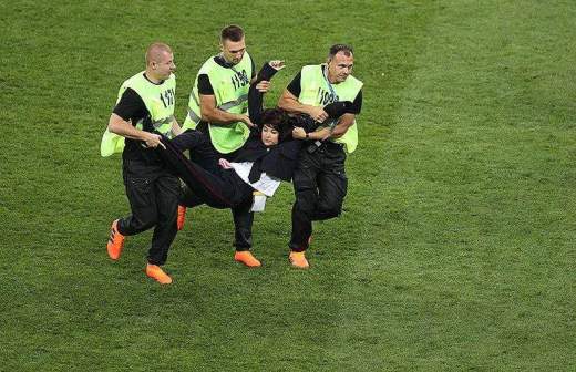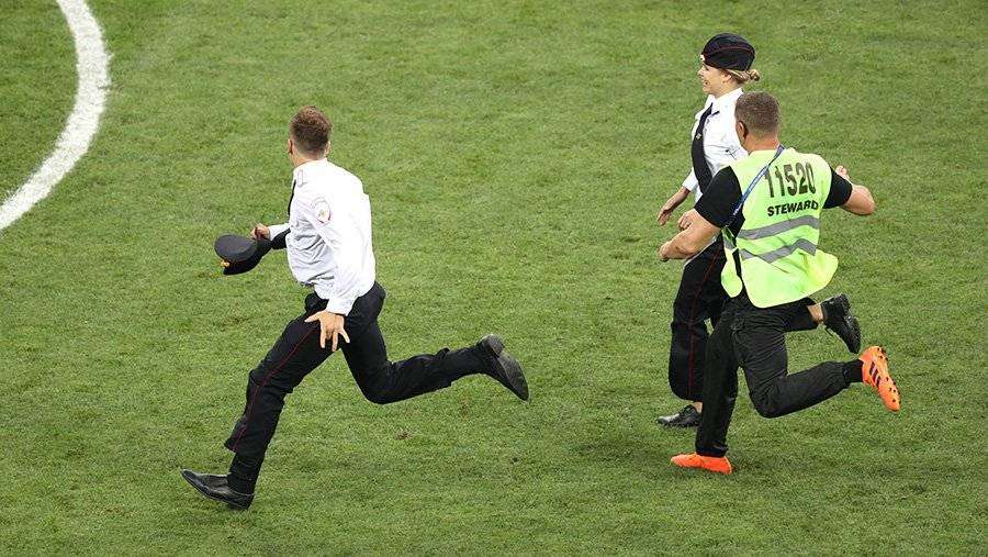 На 52-й минуте на поле выбежали три женщины и мужчина в полицейской форме. Они были оперативно выпровожены с газона охраной, однако игру всё равно пришлось прервать на две минуты. Позже в Сети появилось видео их допроса.
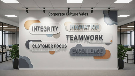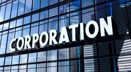 Corporation - typographical concept, sign on glass building - 3D illustration
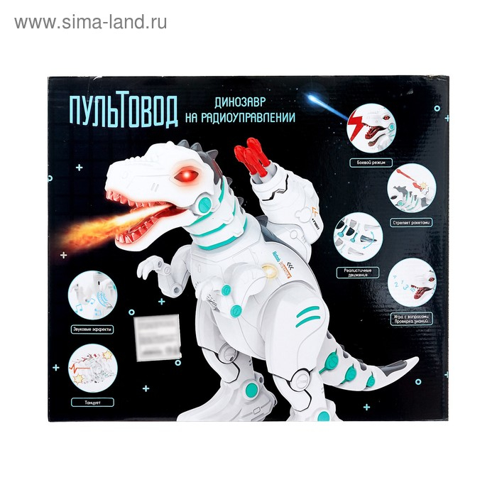 «Киберзавр» передвигается вперёд, назад, влево и вправо, способен воспроизводить музыку и танцевать, а также обучить английскому языку. Играй с роботом, отвечая на его вопросы.
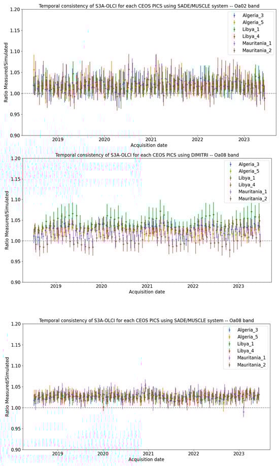 Figure 4 and Figure 5 display the DIMITRI and SADE/MUSCLE monthly time-series of the ratios of TOA-observed over TOA-computed for each site (different colors). The results are consistent over all the used PICS, where both sensors show similar behaviors and good stability—no trend detectable—over the analyzed period. In general, we observe trends of less than 0.08, except bands Oa6 and Oa7 from SADE/MUSCLE which show slightly higher trends of about 0.11 up to 0.15, respectively (Table 4). Despite the good stability over all the time-series, one may observe stronger seasonal variability over DIMITRI results, unlike those of SADE/MUSCLE. Also, differences could be observed over the different sites with band dependency (see Appendix A, Figure A1 and Figure A2).
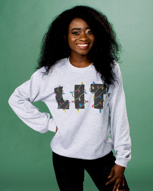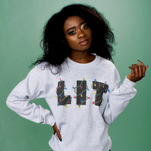 This Christmas, it's time to get LIT! This cozy crewneck sweatshirt is sure to brighten up the holiday season with its array of colorful Christmas lights – and of course a bit of bold attitude. It's sure to spread some festive puns and laughter!
•••
Work request: Your answer must be the exact lines from the records above, from the one containing "Corporation - typographical" through the one containing "на его вопросы.", both included, with every picture left out.

Written answer:
 Corporation - typographical concept, sign on glass building - 3D illustration
 «Киберзавр» передвигается вперёд, назад, влево и вправо, способен воспроизводить музыку и танцевать, а также обучить английскому языку. Играй с роботом, отвечая на его вопросы.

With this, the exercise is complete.